Often taken for a sadhu in India, Benjamin reminisced over his experiences of reading poetry in India. “It takes me double the time to read the same poems in India than in Britain, because the audience laughs at every line,” he had said as we veered from the topic of police brutality towards the pleasanter aspect of Indian spirituality. Ever the dissenter, I asked him if Indian-brand spiritualism was grossly overrated. “There can be no generalisations; there are some things that are good, like Yoga and mindful living. And then there is the caste system and one wonders how does that work?” he had said.
Speaking of wonderment, among the many manys, what really left me agape was Benjamin’s no — in November 2003 — to an OBE. Writing in The Guardian about why he was turning it down, he had said, “I’ve never heard of a holder of the OBE openly criticising the monarchy. They are officially friends, and that’s what this cool Britannia project is about. It gives OBEs to cool rock stars, successful businesswomen and blacks who would be militant in order to give the impression that it is inclusive. Then these rock stars, successful women, and ex-militants write to me with the OBE after their name as if I should be impressed. I’m not.

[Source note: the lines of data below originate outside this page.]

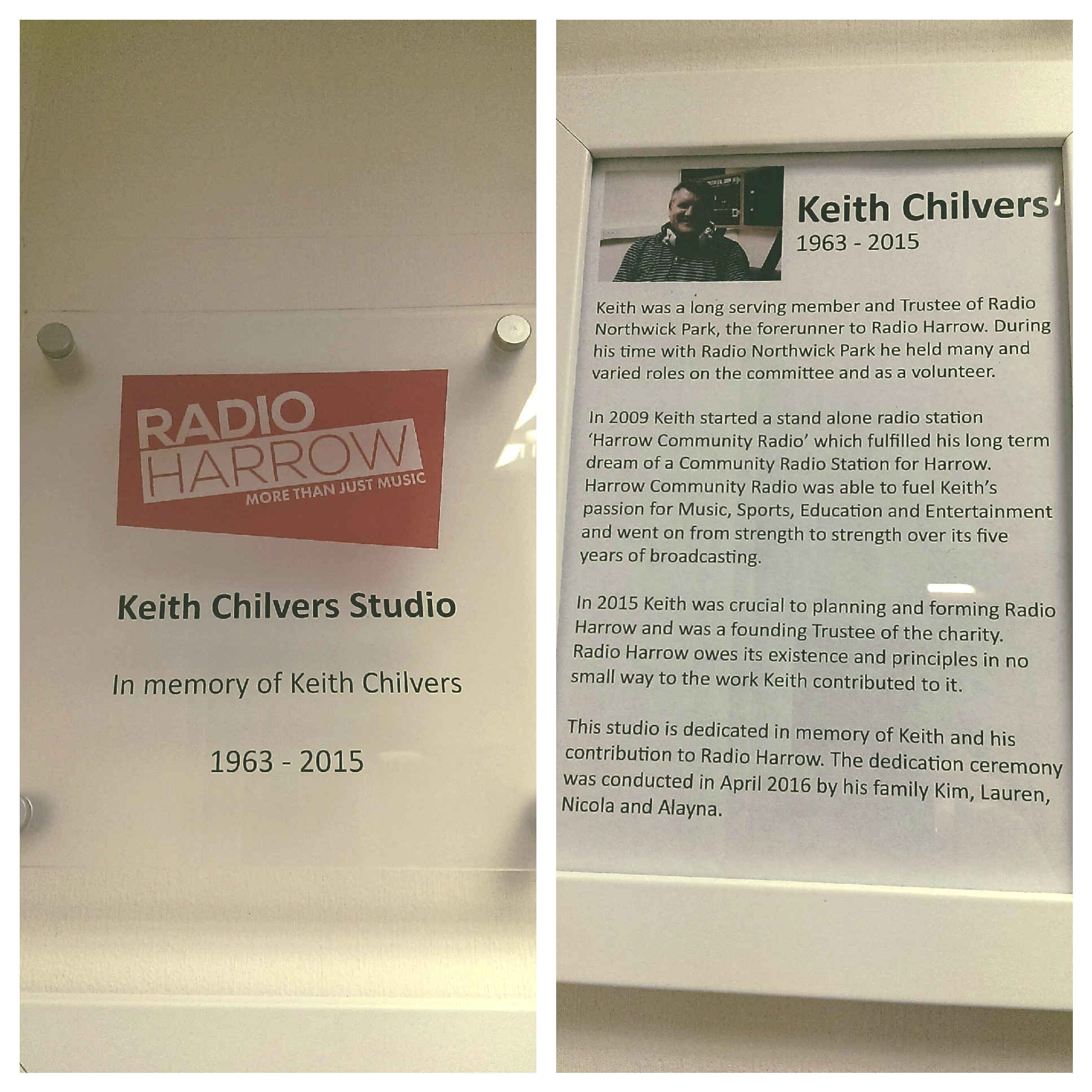 Keith’s wife and daughters unveiled the new plaque renaming the studio. Upon seeing the plaque, Kim Chilvers said “Keith would have been proud as punch to receive this honour at the station. He truly loved Radio Harrow and he would have been so excited and honoured to receive this”.
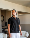 A contemporary take on the classic polo, crafted from a soft viscose-polyester blend for breathability and structure. The subtle herringbone texture adds depth, while contrast piping at the collar and placket offers a refined touch. Tailored for a sleek silhouette, perfect for both casual and elevated styling.
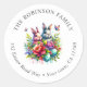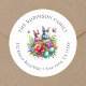 Étiquette d'adresse de retour personnalisée de Pâques de lapin mignon floral autocollant rond.

Quite the opposite – you’ve been had.”
Did he not fear a backlash, given that he continued to live in Britain after refusing an award many would pay billions (atleast) for, I asked Benjamin. “One of my friends did write a piece criticising my decision. But there was no way I could have accepted it. You have to be very clear about what you want.”
And so went a conversation that had begun several years ago, and still remains incomplete. One line has stayed with me though and is quite the talisman in these tumultuous times, not least because it comes from a former borstal resident who wrote and taught poetry and was vegan in a world gone mad from killing animals for food and destroying nature for greed.
“You have to be very clear about what you want.” — This mantra will stay with me forever.
You left too soon.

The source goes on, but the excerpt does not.